Very nice Ossian!  It was a lovely day.  I would have loved to cycle but we were busy coming back from Orkney.


----------



## Pappy (Aug 25, 2016)

Beautiful pictures, Ossian. You live in a beautiful country.


----------



## ossian (Aug 25, 2016)

Ameriscot said:


> Very nice Ossian!  It was a lovely day.  I would have loved to cycle but we were busy coming back from Orkney.


Indeed it was. YOur trip on the ferry must have been pretty spectacular too.



Pappy said:


> Beautiful pictures, Ossian. You live in a beautiful country.


Thank you, Pappy. It can be and some days it doesn't even rain.


----------



## Ameriscot (Aug 25, 2016)

ossian said:


> Indeed it was. YOur trip on the ferry must have been pretty spectacular too.
> 
> 
> Thank you, Pappy. It can be and some days it doesn't even rain.



We flew Kirkwall to Glasgow.  Much quicker!!  

Scotland is gorgeous even when it rains or is cloudy.  But when the sun comes out it is paradise.


----------



## bluebreezes (Aug 25, 2016)

Those are beautiful, and it tickles me to hear you say so casually "I cycled over to Loch Lomond." My word, that place holds so much legend, I hadn't thought that of course it's just a lake too.

I used to look at a lot of random Scotland photos online, but I have to say that having you folks posting them here makes them more real and enjoyable.


----------



## ossian (Aug 26, 2016)

bluebreezes said:


> Those are beautiful, and it tickles me to hear you say so casually "I cycled over to Loch Lomond." My word, that place holds so much legend, I hadn't thought that of course it's just a lake too.
> 
> I used to look at a lot of random Scotland photos online, but I have to say that having you folks posting them here makes them more real and enjoyable.

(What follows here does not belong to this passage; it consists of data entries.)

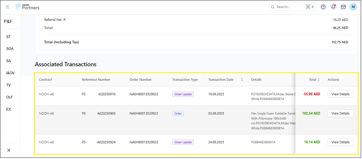 -إذا مررت للأسفل في الصفحة، ستجد قسمًا بعنوان "المعاملات المرتبطة". يعرض هذا القسم جميع المعاملات التي تمت للطلب نفسه، بما في ذلك أي رسوم إضافية أو مرتجعات من العميل.
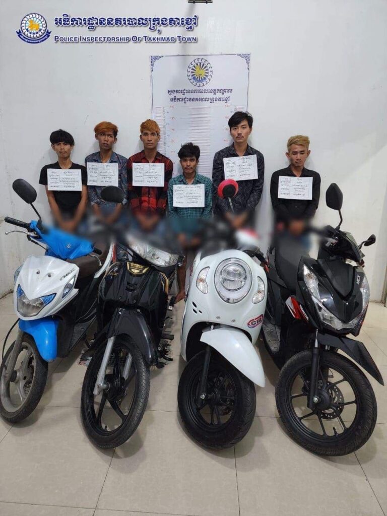 ចំពោះជនសង្ស័យ ៦នាក់ ដែលត្រូវបានឃាត់ខ្លួនទី១-ឈ្មោះ ជា មករា ភេទប្រុស អាយុ ១៧ឆ្នាំ មានទីលំនៅភូមិលេខ១ សង្កាត់ស្វាយរលំ ក្រុងតាខ្មៅ ខេត្តកណ្តាល,មុខរបរមិនពិតប្រាកដ (ឃាត់ខ្លួន) គ្មានសារធាតុញៀនក្នុងទឹកនោម(-) ។ ទី២-ឈ្មោះ ខៀវគឹមឡុង ភេទប្រុស អាយុ ១៧ឆ្នាំ មានទីលំនៅភូមិព្រែកសំរោង១ សង្កាត់តាខ្មៅ ក្រុងតាខ្មៅ ខេត្តកណ្តាល មុខរបរមិនពិតប្រាកដ (ឃាត់ខ្លួន) ធ្លាប់ជាប់ពន្ធនាគារខេត្តកណ្តាលរយៈពេល ២ឆ្នាំ ករណីលួចមានស្ថានទម្ងន់ទោស (ធាក់ប្លន់យកម៉ូតូ) មានសារធាតុញៀនក្នុងទឹកនោម(+) ។ ទី៣-ឈ្មោះ ឌី ដេវីដ ភេទប្រុស អាយុ ១៧ឆ្នាំ មានទីលំនៅភូមិបត្តាជី សង្កាត់ព្រែកហូរ ក្រុងតាខ្មៅ ខេត្តកណ្តាល មុខរបរមិនពិតប្រាកដ (ឃាត់ខ្លួន) មានសារធាតុញៀនក្នុងទឹកនោម(+) ។ ទី៤-ឈ្មោះ ឃឹម ចិត្រា ភេទប្រុស អាយុ ១៧ឆ្នាំ មានទីលំនៅភូមិលេខ១ សង្កាត់ស្វាយរលំ ក្រុងតាខ្មៅ មុខរបរមិនពិតប្រាកដ (ឃាត់ខ្លួន) មានសារធាតុញៀនក្នុងទឹកនោម(+) ។ ទី៥-ឈ្មោះ អ៊ូ ពៅ ភេទប្រុស អាយុ ២៨ឆ្នាំ មានទីលំនៅភូមិមិត្តភាព សង្កាត់ឬស្សីកែវ ខណ្ឌឬស្សីកែវ រាជធានីភ្នំពេញ មុខរបរមិនពិតប្រាកដ អ្នកទទួលទិញម៉ូតូ (ឃាត់ខ្លួន) មានសារធាតុញៀនក្នុងទឹកនោម(+) ។ ទី៦-ឈ្មោះ ប៉េង គឹមសេង ភេទប្រុស អាយុ ២៥ឆ្នាំ មានទីលំនៅភូមិក្រោលគោ សង្កាត់ឬស្សីកែវ ខណ្ឌឬស្សីកែវ រាជធានីភ្នំពេញ,មុខរបរមិនពិតប្រាកដ អ្នកទទួលទិញម៉ូតូ (ឃាត់ខ្លួន)មធ្លាប់ជាប់ពន្ធនាគារព្រៃសរយៈពេល ៦ខែ ករណីទទួលផលចោរកម្ម មានសារធាតុញៀនក្នុងទឹកនោម (+) ។
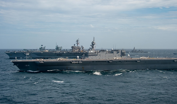 美国航母打击群与日本直升机航母在南中国海进行联合演习 |
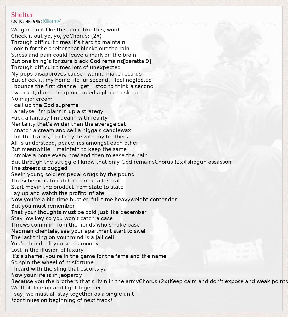 Это интересно:Родом из New York City, USAКоллектив существует с 1995 до настоящего времениЖанр: Хип-ХопЗвукозаписывающие Лэйблы: Priority Records, Relativity RecordsВ состав группы входят: 9th Prince, Dom Pachino, Killa Sin, Islord, Beretta 9, ShoGun Assasson & 4th Disciple Killarmy (произносится как "Killa Army") - рэп-группа, в основном известная как одна из участниц семьи Wu-Fam. Они одни из самых ранних и наиболее успешных проектов Wu-Tang'а, образовавшихся... продолжение
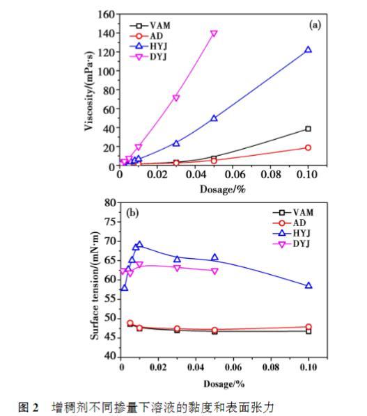相同摻量下,DYJ的黏度最高,其次是HYJ,VAM和AD黏度在低摻量下接近,摻量達(dá)到0.10%之后,VAM黏度高于AD;VAM和AD的黏度隨著摻量的提高緩慢增大,而HYJ和DYJ溶液的黏度隨摻量的提高迅速提高,尤其是DYJ的增長(zhǎng)幅度更為顯著。總體來看,增稠劑分子量越大,相同摻量時(shí)溶液的黏度越高。從表面張力的結(jié)果來看,相同摻量下,HYJ溶液的表面張力最高,其次是DYJ,VAM和AD的表面張力顯著低于其他兩種增稠劑,且AD略微高于VAM.
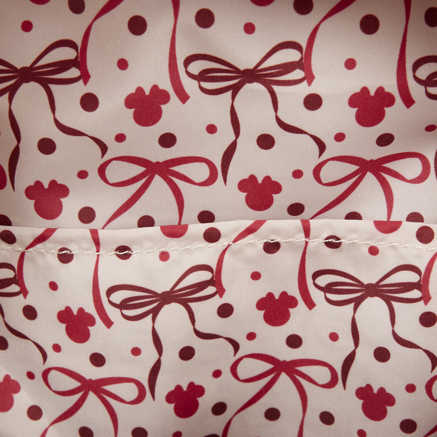 Deze mini rugzak is crèmekleurig en rood. Op het voorvak vind je reliëfstippen. Over de rest van de tas zie je silhouetten van Minnie Muis . Satijnen lintjes maken de zijvakken en de oortjes met 3D-applicatie extra schattig. Er zit ook een rode strik met witte stippen tussen de oortjes! Je vindt ook satijnen details op de bandjes.

And I took the 'Low Road'.  

Oh the place is very real and I am pleased that you enjoyed the photos.


----------



## Ameriscot (Aug 26, 2016)

Bluebreezes, in Scotland we have lochs - inland freshwater, or more often, sea lochs which are saltwater and connect to the ocean/sea.  

http://www.rampantscotland.com/know/blknow_lochs.htm


----------



## SeaBreeze (Aug 26, 2016)

Ossian, must do the heart good in more ways than one to cycle around and be surrounded by such wonderful scenery...beautiful pictures!  :sunglass:


----------



## ossian (Aug 26, 2016)

SeaBreeze said:


> Ossian, must do the heart good in more ways than one to cycle around and be surrounded by such wonderful scenery...beautiful pictures!  :sunglass:


I hope so, Seabreeze. In more ways than one, indeed!


----------